5) An end to statute creep. One of the ugliest features of American justice is the way that laws designed to address very particular situations are allowed to metastasize and be applied to anything a prosecutor fancies. The RICO statute [i.e., the Racketeer Influenced and Corrupt Organizations Act] was supposed to be for mobsters and racketeers. Conrad Black is not a racketeer but he was nevertheless charged with racketeering. And, while the prosecutorial abuse of RICO is nothing new, the abuse of the “obstruction of justice” statutes in this case are unprecedented. Hitherto, the only obstruction charges that could be brought in regards to extra-territorial actions involved witness-tampering. In that security video at 10 Toronto Street, Conrad Black may be doing all manner of things, but he’s not tampering with any witnesses. Nevertheless, a hitherto narrowly defined statute has now been massively expanded to enable prosecutors to characterize actions by foreign nationals on foreign soil in a way never contemplated by the relevant legislation. Statute creep is repugnant and should be stopped.
6) An end to de facto double jeopardy.
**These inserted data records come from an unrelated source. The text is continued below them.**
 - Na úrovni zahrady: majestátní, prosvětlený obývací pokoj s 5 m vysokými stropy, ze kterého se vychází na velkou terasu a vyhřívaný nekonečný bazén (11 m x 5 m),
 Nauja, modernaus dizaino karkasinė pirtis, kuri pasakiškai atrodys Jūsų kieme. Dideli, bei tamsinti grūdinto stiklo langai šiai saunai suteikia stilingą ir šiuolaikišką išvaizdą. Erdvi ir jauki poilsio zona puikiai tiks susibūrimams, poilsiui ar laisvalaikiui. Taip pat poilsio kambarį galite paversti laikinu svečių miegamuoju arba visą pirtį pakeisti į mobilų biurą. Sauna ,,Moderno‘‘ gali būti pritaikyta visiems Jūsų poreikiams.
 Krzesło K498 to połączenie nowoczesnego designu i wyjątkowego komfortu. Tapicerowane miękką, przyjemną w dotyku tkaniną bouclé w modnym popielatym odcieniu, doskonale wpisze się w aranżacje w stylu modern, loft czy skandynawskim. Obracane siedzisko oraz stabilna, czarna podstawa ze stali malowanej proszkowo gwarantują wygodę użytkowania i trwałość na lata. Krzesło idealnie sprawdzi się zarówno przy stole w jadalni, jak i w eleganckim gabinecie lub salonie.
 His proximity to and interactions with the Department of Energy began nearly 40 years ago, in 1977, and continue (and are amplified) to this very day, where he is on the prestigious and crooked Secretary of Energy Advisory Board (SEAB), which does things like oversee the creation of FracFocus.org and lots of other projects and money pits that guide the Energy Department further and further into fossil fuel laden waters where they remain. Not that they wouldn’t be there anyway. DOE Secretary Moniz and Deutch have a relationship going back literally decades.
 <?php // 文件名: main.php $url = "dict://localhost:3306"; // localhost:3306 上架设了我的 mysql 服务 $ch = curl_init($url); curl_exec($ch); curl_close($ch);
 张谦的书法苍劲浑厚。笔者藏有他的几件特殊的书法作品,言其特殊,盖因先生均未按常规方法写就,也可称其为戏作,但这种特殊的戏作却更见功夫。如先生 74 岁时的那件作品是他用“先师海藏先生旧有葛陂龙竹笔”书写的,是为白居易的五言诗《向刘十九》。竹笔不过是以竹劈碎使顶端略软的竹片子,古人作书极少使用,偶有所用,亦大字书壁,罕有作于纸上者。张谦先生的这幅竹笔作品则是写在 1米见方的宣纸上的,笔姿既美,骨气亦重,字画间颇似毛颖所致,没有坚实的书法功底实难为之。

Conrad Black is likely to wind up back in court to go through all the stuff he’s been acquitted of one mo’ time, this time in a Securities and Exchange Commission case. That would be a civil case, not a criminal one, and the US Attorney insists that the SEC is an entirely separate body. Oh, come on. The US Attorney and the SEC are both agencies of the US Government. They work in synchronicity. It’s not the same as Nicole Brown’s family suing OJ after the state’s murder case flopped. In this instance, two arms of the same organization are bringing separate cases on exactly the same matters. That’s double jeopardy—or, in fact, given the zealousness of the SEC, triple and quadruple jeopardy.
As Steyn observes, Conrad Black would have benefitted from such reforms, but then so would your run-of-the-mill alleged malefactor—“which is,” Steyn notes, “as it should be: Justice is supposed to be blind. But this system is blind drunk on its own power.” That’s where the example of chaps like Saint-Just come in: want to know what happens when the judiciary waxes moralistic and arrogates to itself ever increasing prerogatives? Take a look at the career of Louis Antoine Léon de Saint-Just. What Conrad Black got was not justice but Revolutionary justice.